(ENTRIES SHOWN)
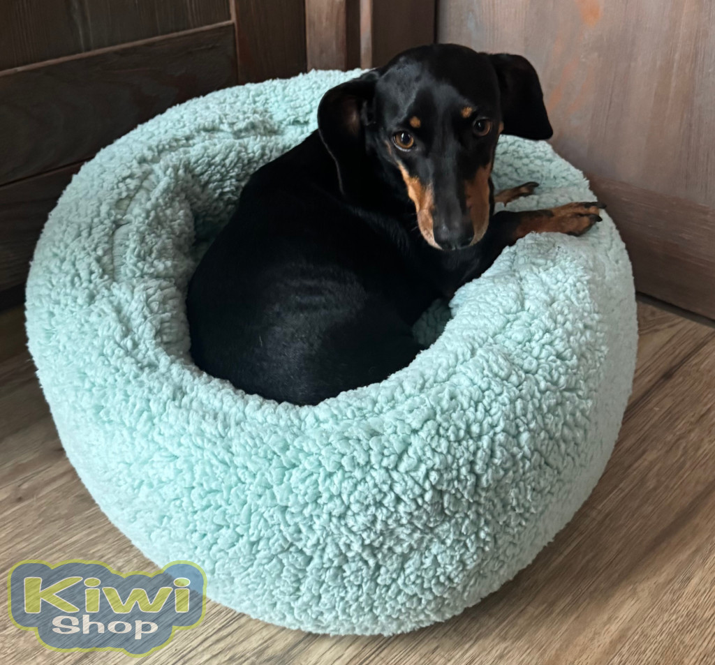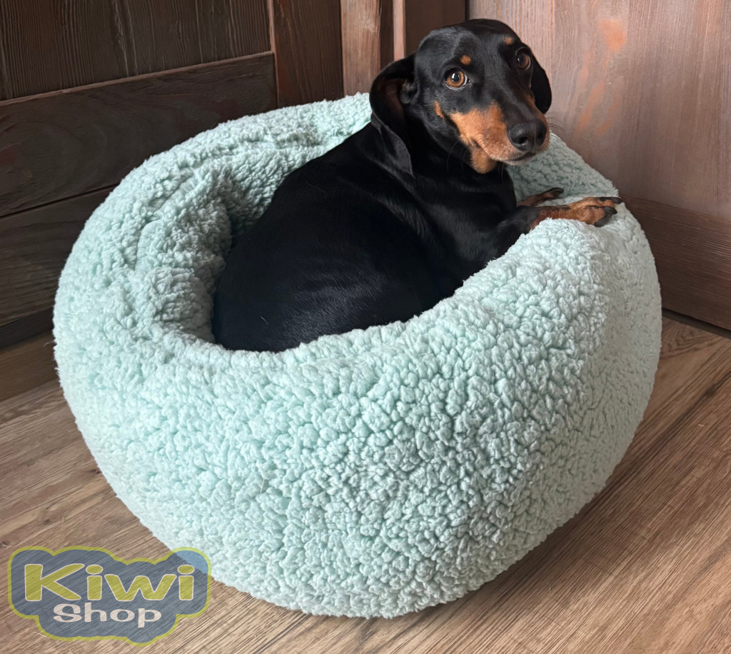 Ez a fánk fekhely ez csodálatos menta színű extrán meleg sherpa anyagból készült. Kistestű kutyusoknak ajánljuk 5kg-ig.
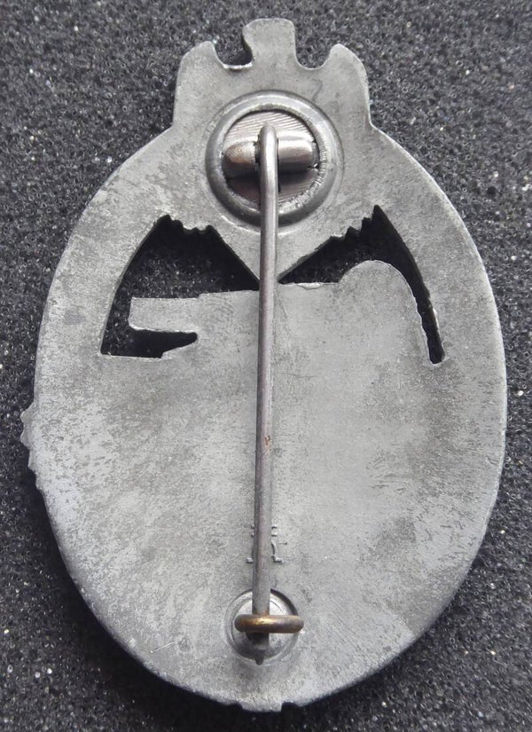 Nice silver Panzer Assault Badge by Hermann Aurich, Dresden. Zinc construction with crimped in hardware. The badge is maker marked with the typical Aurich logo. The badge remains in a great condition with a nice amount of silver finish left. Nice Aurich badge in great condition. No repairs, no damage.
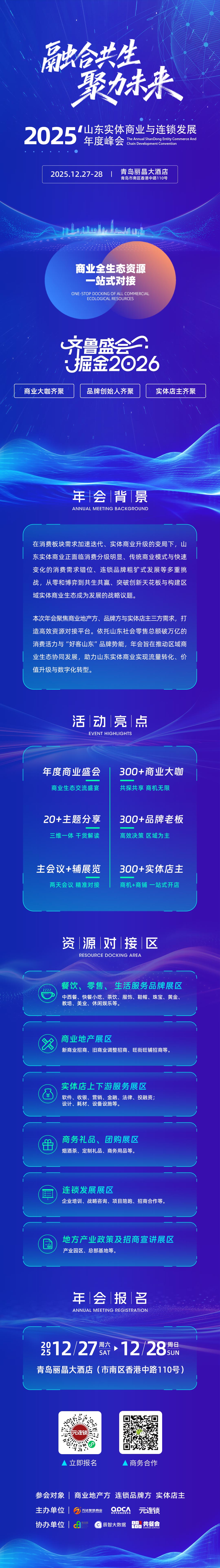 当实体商业进入“生态协同”的全新发展阶段,一场汇聚行业顶尖资源、聚焦精准需求对接的年度盛会,正成为企业突破增长瓶颈、抢占市场先机的关键抓手。由万达智慧商业、青岛市连锁经营协会和元连锁联袂打造的【2025首届“翼起飞杯”山东实体商业与连锁发展年度峰会】,定于2025年12月27-28日在青岛盛大启幕。这不仅是山东商业领域规模空前的思想盛宴,更是一个汇聚1000+品牌创始人、商业地产高管与实体店主的顶级资源对接平台,现诚邀有远见的企业成为合作伙伴,共拓齐鲁商业新未来。
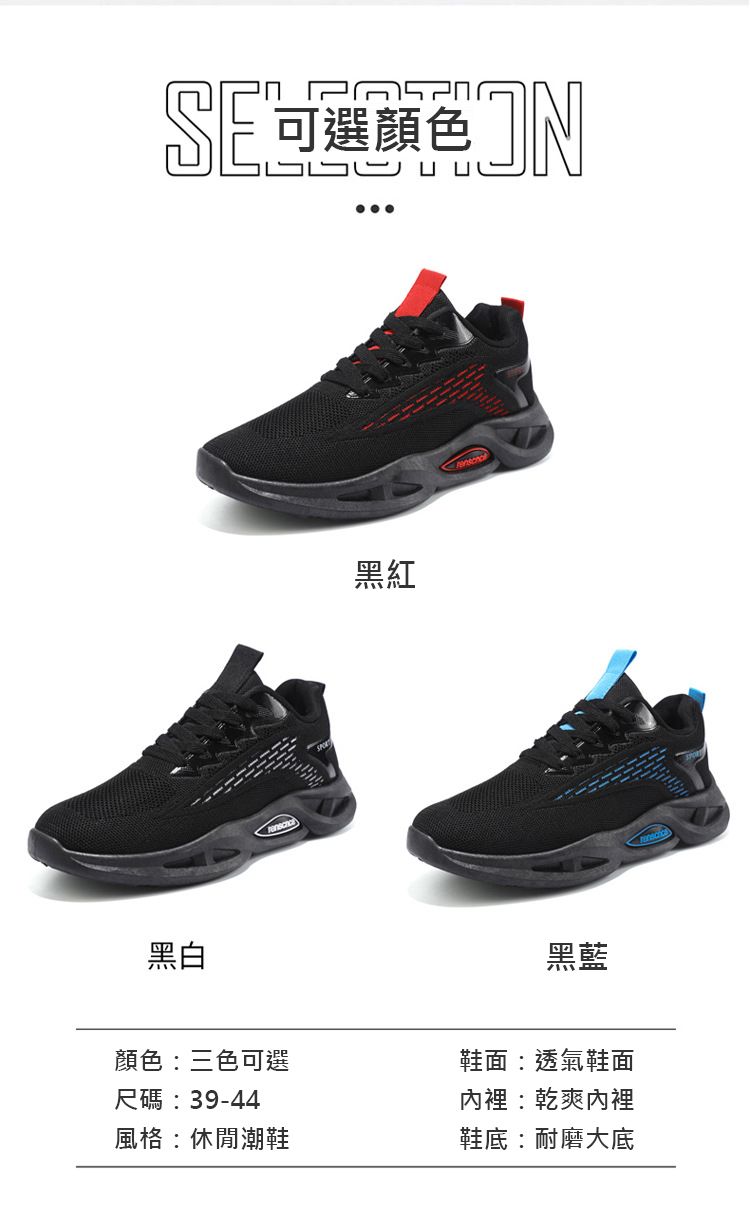 【隨風而行,輕快爽跑】男士飛織鞋面輕盈柔軟運動鞋【黑白色】+【黑紅色】各一雙(優惠400)
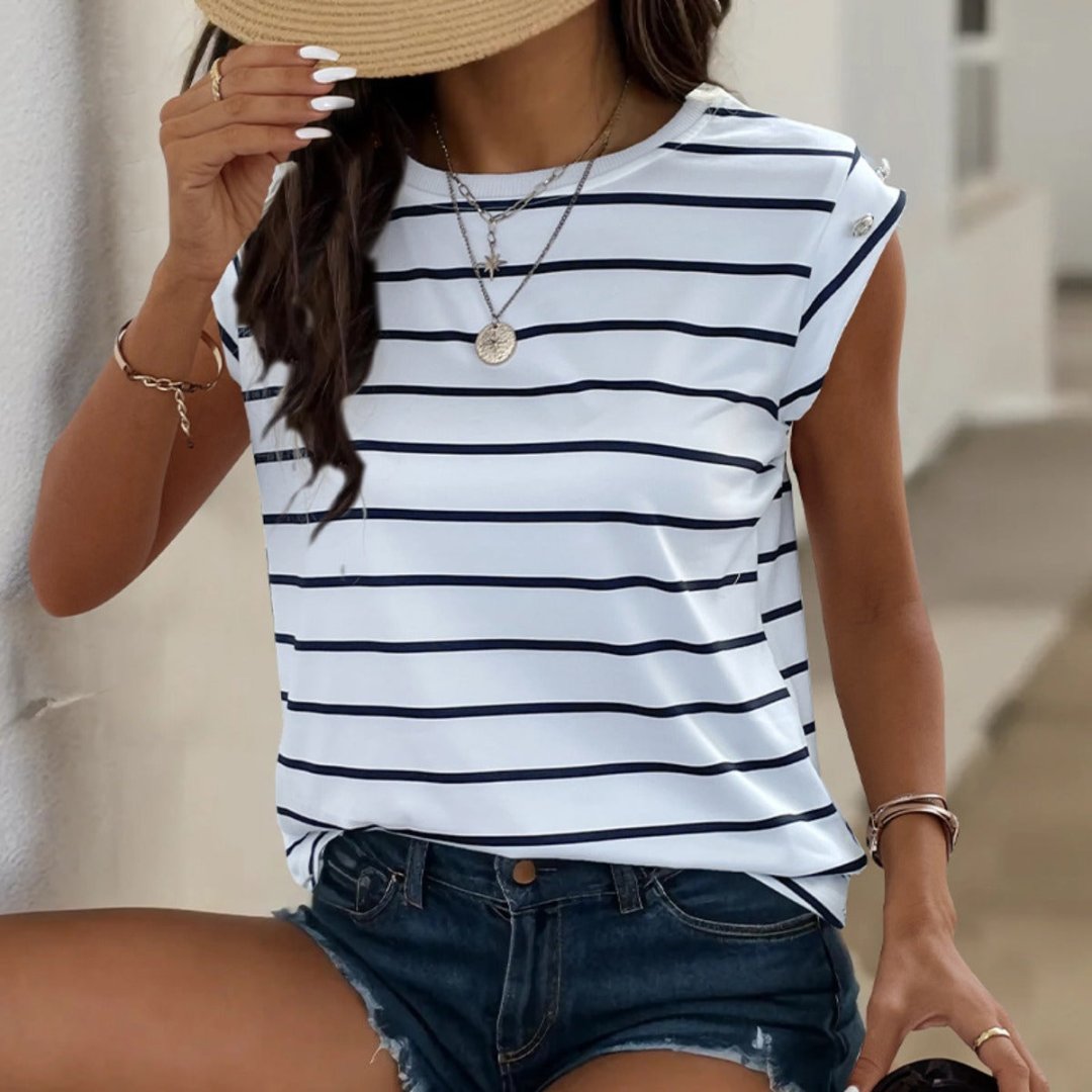 Emily | Women Summer Striped T-shirt Sleeveless Crew Neck Shoulder Buttons
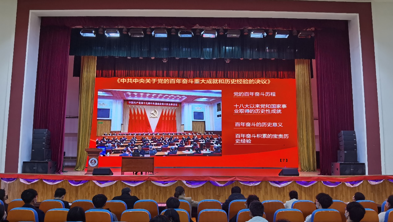闫俊山从师生们关注的北京冬奥会为切入点,从中国奥运百年,看中华之崛起,深刻剖析了过去我们为什么能够成功、未来我们又怎样才能继续成功?从十八大以来党和国家事业取得的历史性成就、我们党百年奋斗的历史意义和积累的宝贵历史经验等几个方面,带领师生系统学习、解读了党的十九届六中全会精神。既有政治高度,又有理论深度,同时也对广大同学提出了勤奋学习、积极锻炼、全面发展的殷切希望。
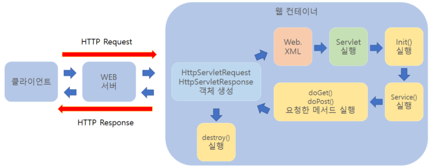 - Servlet의 생명주기를 관리 : 요청에 맞는 Servlet을 호출하고 수명이 다하면 제거한다. (+가비지 콜렉터)
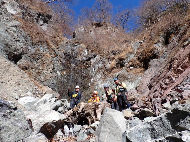 のでみんなで集合写真を撮った。水流の左から登れそうに見えるが「脆いのでむやみに取り
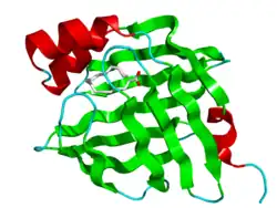 aP2 (adipocyte Protein 2)[5] is a carrier protein for fatty acids that is primarily expressed in adipocytes and macrophages. aP2 is also called fatty acid binding protein 4 (FABP4). Blocking this protein either through genetic engineering or drugs[6] has the possibility of treating heart disease and the metabolic syndrome.[7]
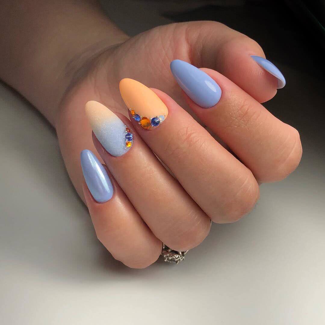 Оранжевый градиент, сиреневый, зеленый, фиолетовый, персиковый, серый, вертикальный, геометрический с ромбиками, с рисунками, с лунным дизайном,губкой, кистью или аэрографом – пришло время поговорить о самых модных идеях омбре и оценить этот маникюр на фото.
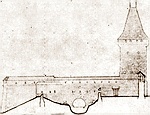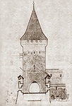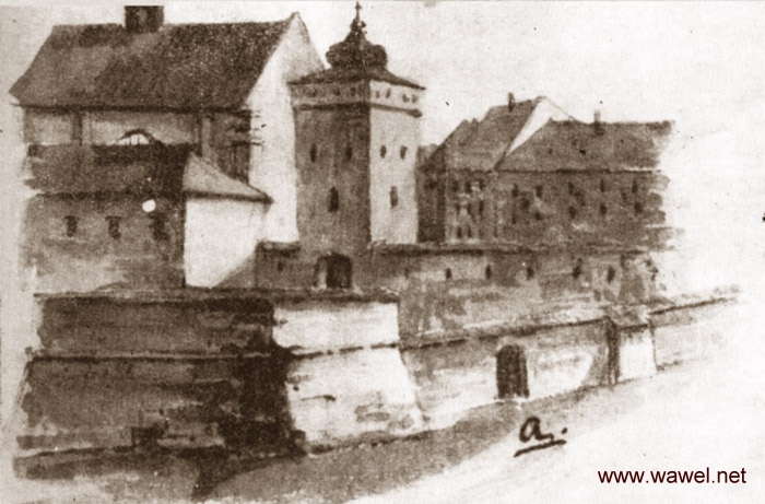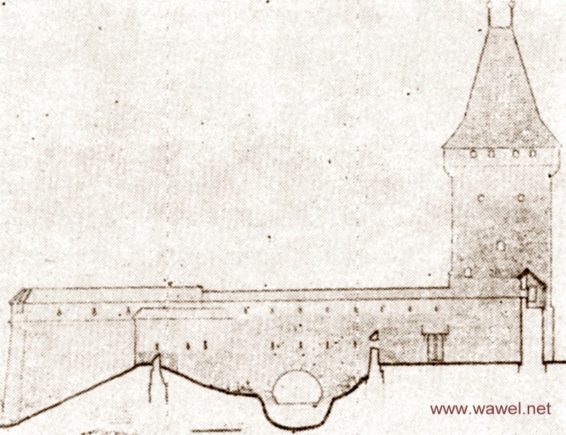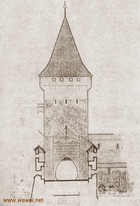 Zbudowana w 1312 roku gotycka brama prowadziła na trakt w kierunku Sandomierza, przypominała pierwotnie Bramę Floriańską. W bramie był most zwodzony oraz osobne przejście dla ludzi i osobny przejazd dla wozów. Niedaleko bramy znajdowała się studnia do gaszenia pożarów w czasie oblężenia oraz strzelnica ćwiczebna dla członków cechów miejskich. Bramą opiekował się nią Cech Rzeźników. W latach 1655-1657 szwedzki generał Wutrz wzniósł przed bramą bastion w obawie przed atakiem połączonych wojsk polsko-austriackich. Z uwagi na zły stan techniczny, bramę w roku 1717 zamknięto dla ruchu kołowego, przerzucając go na położoną niedaleko Bramę Nową. Podczas Konfederacji Barskiej w 1768 r. Moskale atakowali bramę powodując kolejne zniszczenia. Brama została rozebrana w 1812 roku.
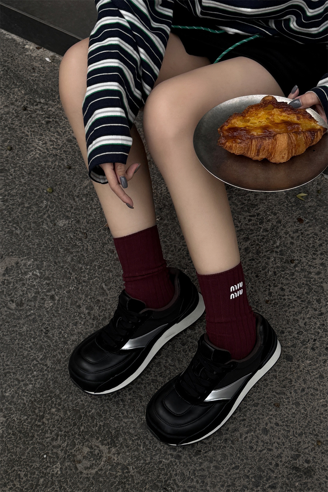 SGIRL TWTW 2025 봄 새로운 작은 높이 두꺼운 바닥 둥근 발가락 빵 신발 캐주얼 컬러 매칭 운동화스토어 가기
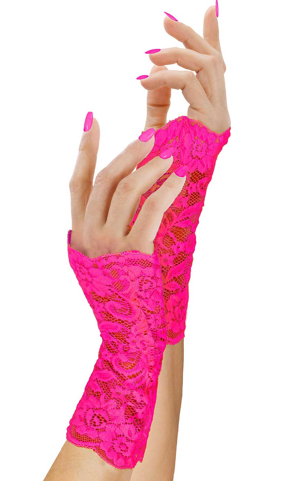 Αποκριάτικα Γάντια Δαντέλα Ροζ Neon χωρίς Δάχτυλα
(End ENTRIES SHOWN)
ACTIVITY: Set down all of the entries exactly. Leave the pictures out.

RESULT FOR THIS TASK:
 Ez a fánk fekhely ez csodálatos menta színű extrán meleg sherpa anyagból készült. Kistestű kutyusoknak ajánljuk 5kg-ig.
 Nice silver Panzer Assault Badge by Hermann Aurich, Dresden. Zinc construction with crimped in hardware. The badge is maker marked with the typical Aurich logo. The badge remains in a great condition with a nice amount of silver finish left. Nice Aurich badge in great condition. No repairs, no damage.
 当实体商业进入“生态协同”的全新发展阶段,一场汇聚行业顶尖资源、聚焦精准需求对接的年度盛会,正成为企业突破增长瓶颈、抢占市场先机的关键抓手。由万达智慧商业、青岛市连锁经营协会和元连锁联袂打造的【2025首届“翼起飞杯”山东实体商业与连锁发展年度峰会】,定于2025年12月27-28日在青岛盛大启幕。这不仅是山东商业领域规模空前的思想盛宴,更是一个汇聚1000+品牌创始人、商业地产高管与实体店主的顶级资源对接平台,现诚邀有远见的企业成为合作伙伴,共拓齐鲁商业新未来。
 【隨風而行,輕快爽跑】男士飛織鞋面輕盈柔軟運動鞋【黑白色】+【黑紅色】各一雙(優惠400)
 Emily | Women Summer Striped T-shirt Sleeveless Crew Neck Shoulder Buttons
闫俊山从师生们关注的北京冬奥会为切入点,从中国奥运百年,看中华之崛起,深刻剖析了过去我们为什么能够成功、未来我们又怎样才能继续成功?从十八大以来党和国家事业取得的历史性成就、我们党百年奋斗的历史意义和积累的宝贵历史经验等几个方面,带领师生系统学习、解读了党的十九届六中全会精神。既有政治高度,又有理论深度,同时也对广大同学提出了勤奋学习、积极锻炼、全面发展的殷切希望。
 - Servlet의 생명주기를 관리 : 요청에 맞는 Servlet을 호출하고 수명이 다하면 제거한다. (+가비지 콜렉터)
 のでみんなで集合写真を撮った。水流の左から登れそうに見えるが「脆いのでむやみに取り
 aP2 (adipocyte Protein 2)[5] is a carrier protein for fatty acids that is primarily expressed in adipocytes and macrophages. aP2 is also called fatty acid binding protein 4 (FABP4). Blocking this protein either through genetic engineering or drugs[6] has the possibility of treating heart disease and the metabolic syndrome.[7]
 Оранжевый градиент, сиреневый, зеленый, фиолетовый, персиковый, серый, вертикальный, геометрический с ромбиками, с рисунками, с лунным дизайном,губкой, кистью или аэрографом – пришло время поговорить о самых модных идеях омбре и оценить этот маникюр на фото.
 Zbudowana w 1312 roku gotycka brama prowadziła na trakt w kierunku Sandomierza, przypominała pierwotnie Bramę Floriańską. W bramie był most zwodzony oraz osobne przejście dla ludzi i osobny przejazd dla wozów. Niedaleko bramy znajdowała się studnia do gaszenia pożarów w czasie oblężenia oraz strzelnica ćwiczebna dla członków cechów miejskich. Bramą opiekował się nią Cech Rzeźników. W latach 1655-1657 szwedzki generał Wutrz wzniósł przed bramą bastion w obawie przed atakiem połączonych wojsk polsko-austriackich. Z uwagi na zły stan techniczny, bramę w roku 1717 zamknięto dla ruchu kołowego, przerzucając go na położoną niedaleko Bramę Nową. Podczas Konfederacji Barskiej w 1768 r. Moskale atakowali bramę powodując kolejne zniszczenia. Brama została rozebrana w 1812 roku.
 SGIRL TWTW 2025 봄 새로운 작은 높이 두꺼운 바닥 둥근 발가락 빵 신발 캐주얼 컬러 매칭 운동화스토어 가기
 Αποκριάτικα Γάντια Δαντέλα Ροζ Neon χωρίς Δάχτυλα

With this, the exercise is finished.